Understanding flex tables

The term (sometimes called or data) does not indicate that the data you load into flex tables is entirely without structure.

The term unstructured data (sometimes called semi-structured or dark data) does not indicate that the data you load into flex tables is entirely without structure. However, you may not know the data's composition or the inconsistencies of its design. In some cases, the data might not be relational.

Your data might have some structure (like JSON and delimited data). Data might be semi-structured or stringently structured, but in ways that you either do not know about or do not expect. The term flexible data encompasses these and other kinds of data. You can load your flexible data directly into a flex table and query its contents.

To summarize, you can load data first, without knowing its structure, and then query its content after a few simple transformations. In some cases, you already know the data structure, such as some keys in the data. If so, you can query these values explicitly as soon as you load the data.

Storing flex table data

While you can store unstructured data in a flex table __raw__ column, that column is implemented as a real column.
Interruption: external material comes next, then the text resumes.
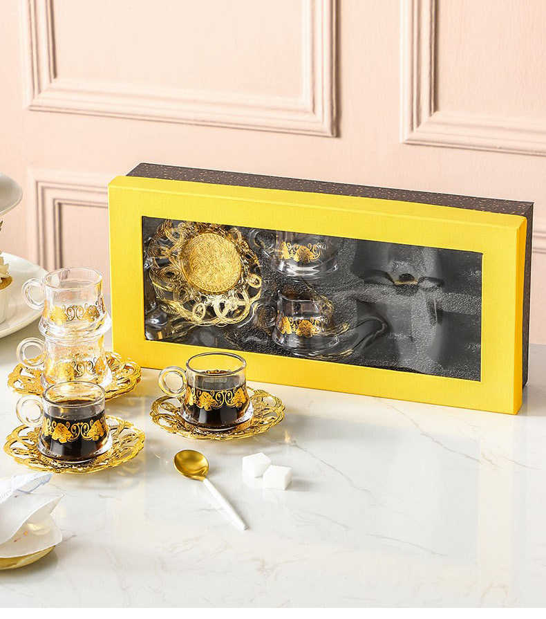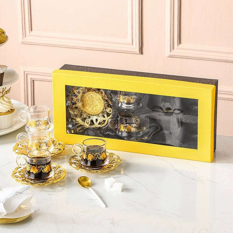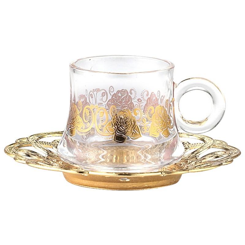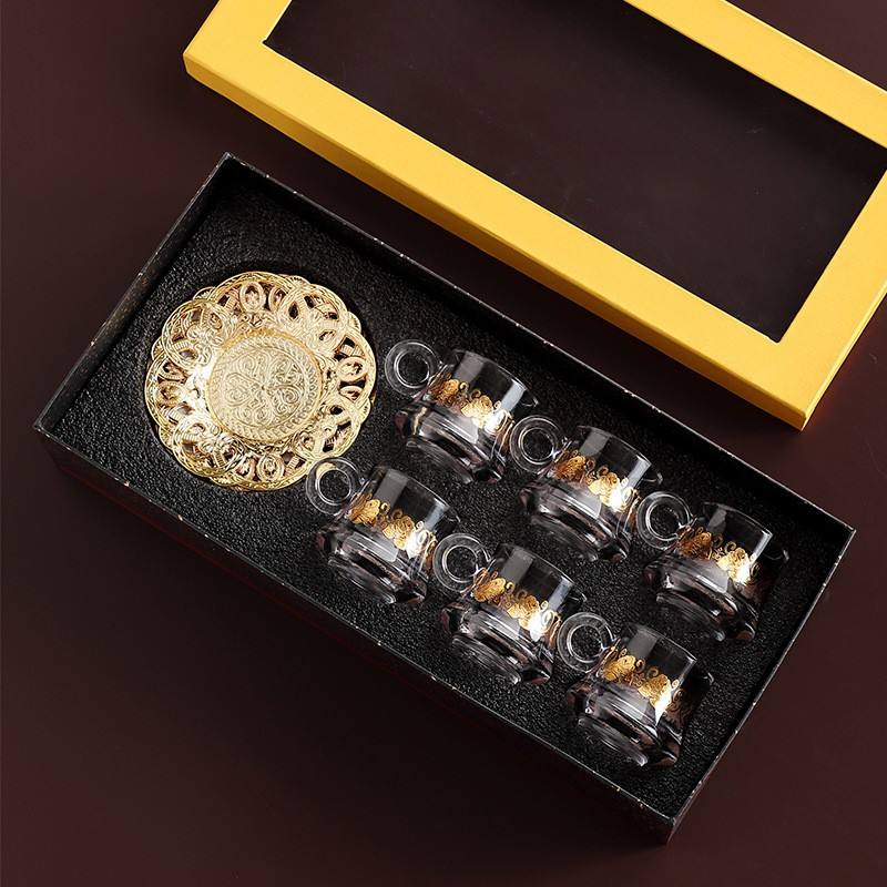 Set regalo Qian Hu Set da tè turco tazze da caffè in vetro arabo di lusso sublimazione con decorazione vassoio in metallo piatto dorato

Vertica compresses __raw__ column data by about one half (1/2). While this factor is less than the compression rate for real columns, the reduction is significant for large amounts (more than 1TB) of unstructured data. After compression is complete, Vertica writes the data to disk. This approach maintains K-safety in your cluster and supports standard recovery processes should node failures occur. Flex tables are included in full backups (or, if you choose, in object-level backups).

What happens when you create flex tables?

Whenever you execute a CREATE FLEX TABLE statement, Vertica creates three objects, as follows:

  • The flexible table (flex_table)

  • An associated keys table (flex_table_keys)

  • A default view for the main table (flex_table_view)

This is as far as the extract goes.